What are the lines below, starting at the line containing "These multi-rate front" and ending at the line containing "Alexander Wang 'Rocco'"? Write them out exactly, ends included, without pictures.

_RECORDS FOR THE EXERCISE_
-*-*-
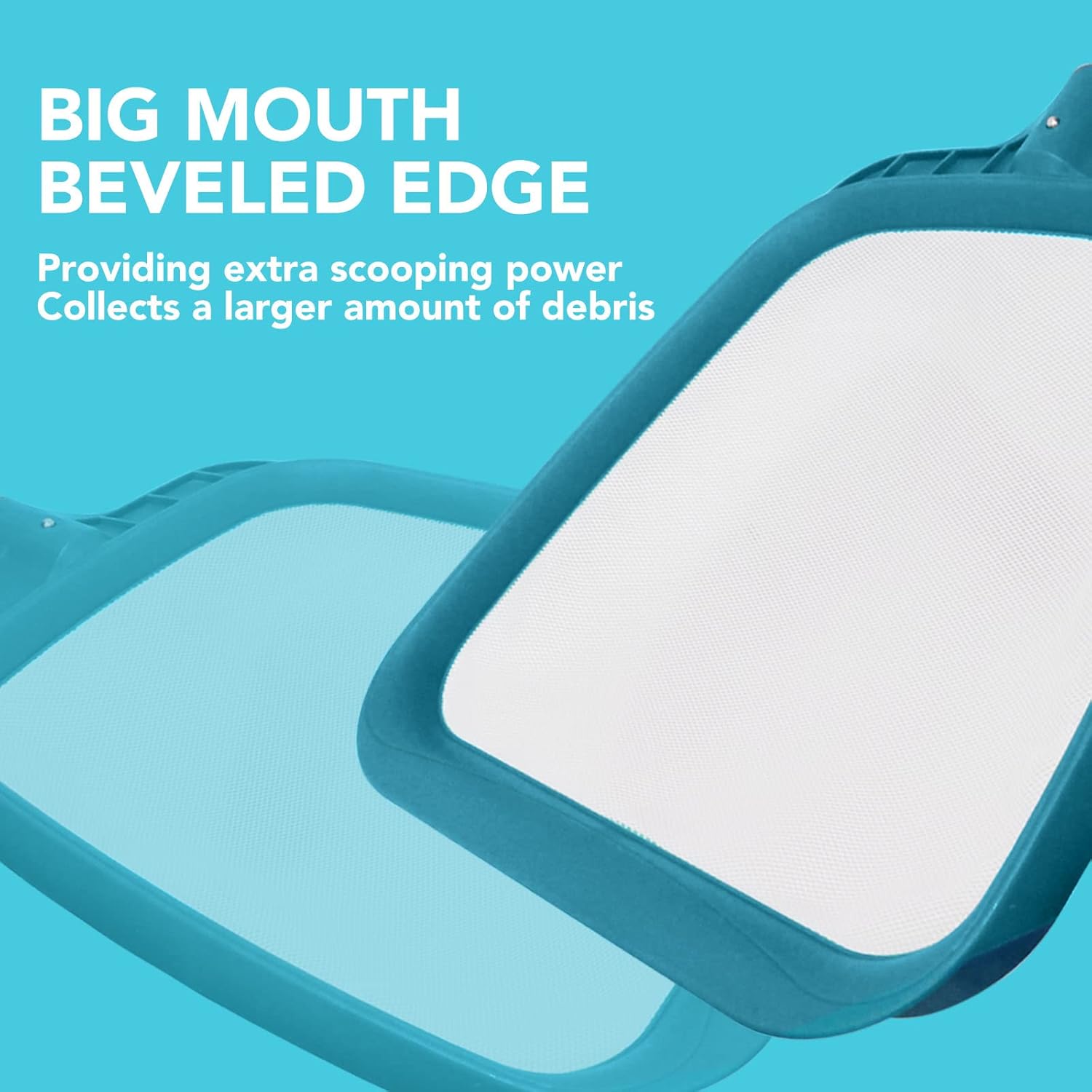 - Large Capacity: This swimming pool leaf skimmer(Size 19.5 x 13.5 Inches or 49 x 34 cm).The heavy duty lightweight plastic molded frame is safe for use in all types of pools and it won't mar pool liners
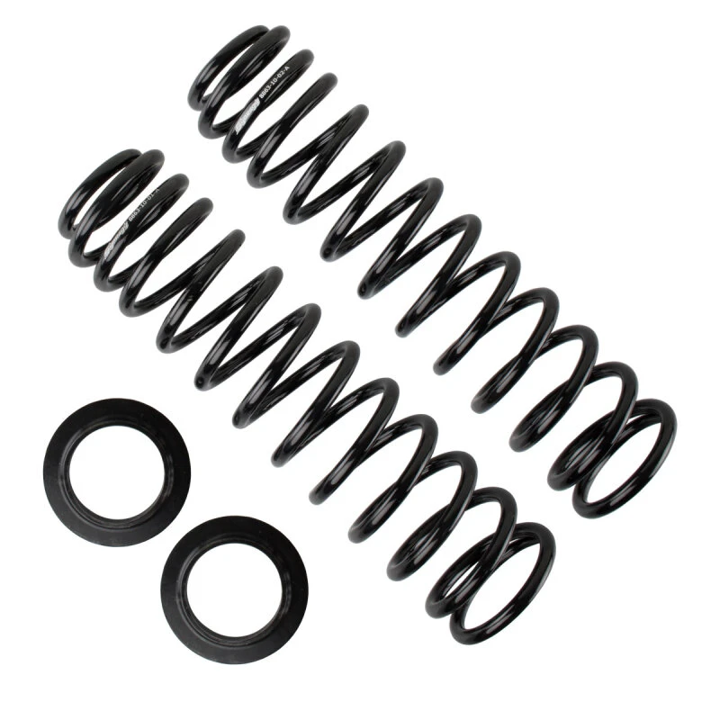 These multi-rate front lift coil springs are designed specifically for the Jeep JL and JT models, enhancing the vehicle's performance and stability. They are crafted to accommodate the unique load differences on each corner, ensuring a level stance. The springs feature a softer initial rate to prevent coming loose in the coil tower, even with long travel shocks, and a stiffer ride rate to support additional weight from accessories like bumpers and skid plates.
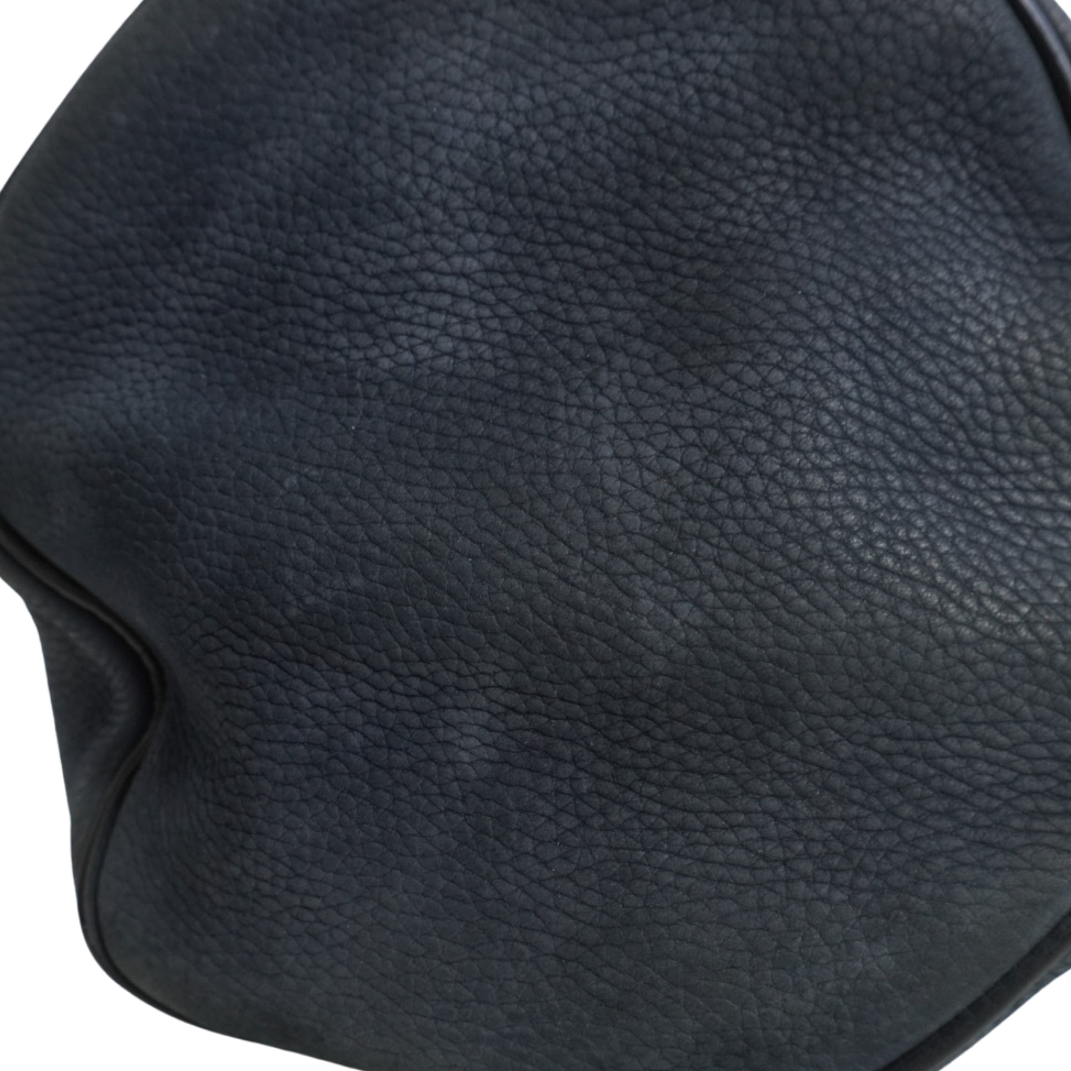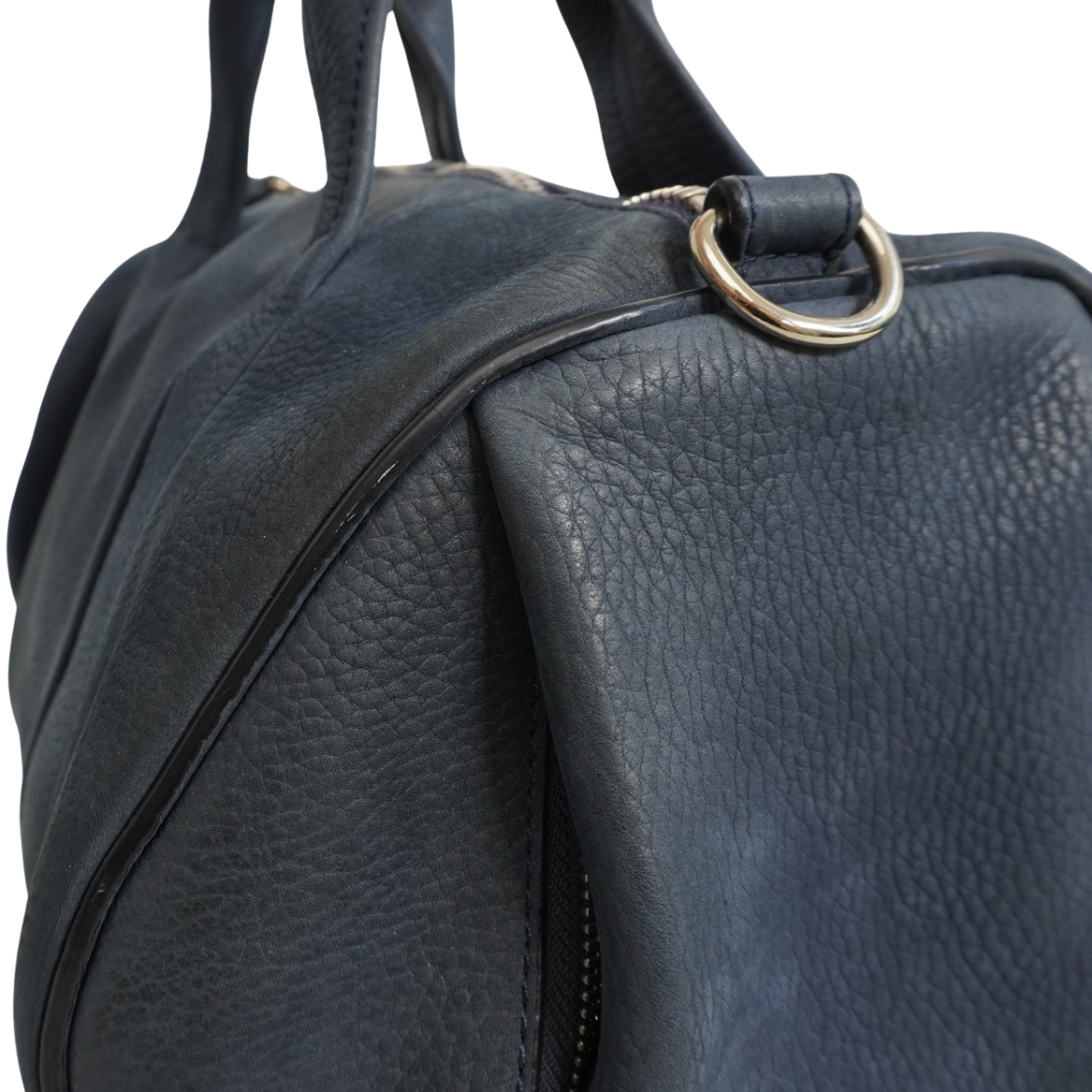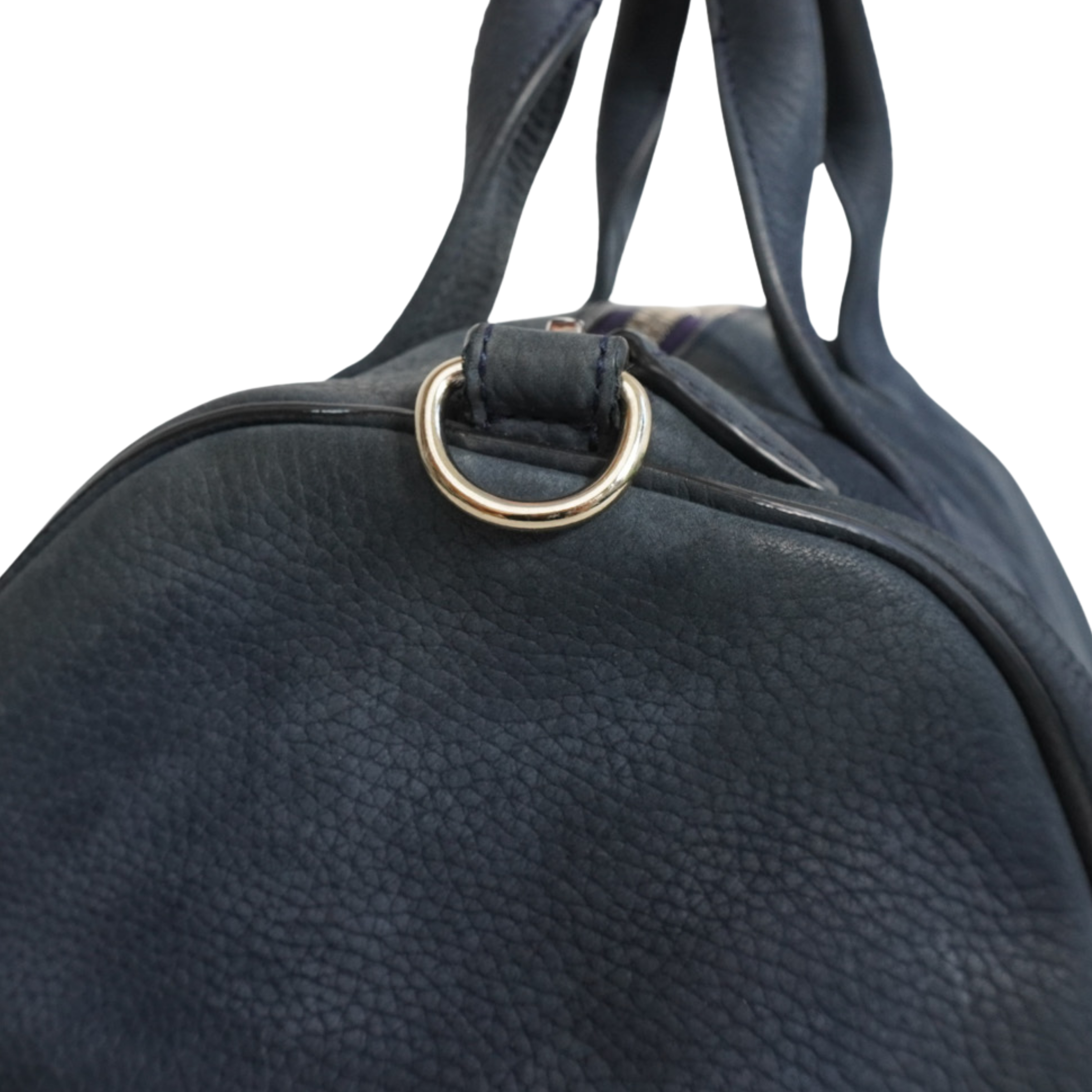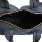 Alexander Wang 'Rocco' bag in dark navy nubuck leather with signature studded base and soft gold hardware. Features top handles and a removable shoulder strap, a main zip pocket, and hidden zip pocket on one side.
-*-*-
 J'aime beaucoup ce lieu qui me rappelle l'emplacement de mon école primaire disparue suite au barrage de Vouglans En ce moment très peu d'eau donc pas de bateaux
-*-*-
_TASK OUTPUT_
 These multi-rate front lift coil springs are designed specifically for the Jeep JL and JT models, enhancing the vehicle's performance and stability. They are crafted to accommodate the unique load differences on each corner, ensuring a level stance. The springs feature a softer initial rate to prevent coming loose in the coil tower, even with long travel shocks, and a stiffer ride rate to support additional weight from accessories like bumpers and skid plates.
 Alexander Wang 'Rocco' bag in dark navy nubuck leather with signature studded base and soft gold hardware. Features top handles and a removable shoulder strap, a main zip pocket, and hidden zip pocket on one side.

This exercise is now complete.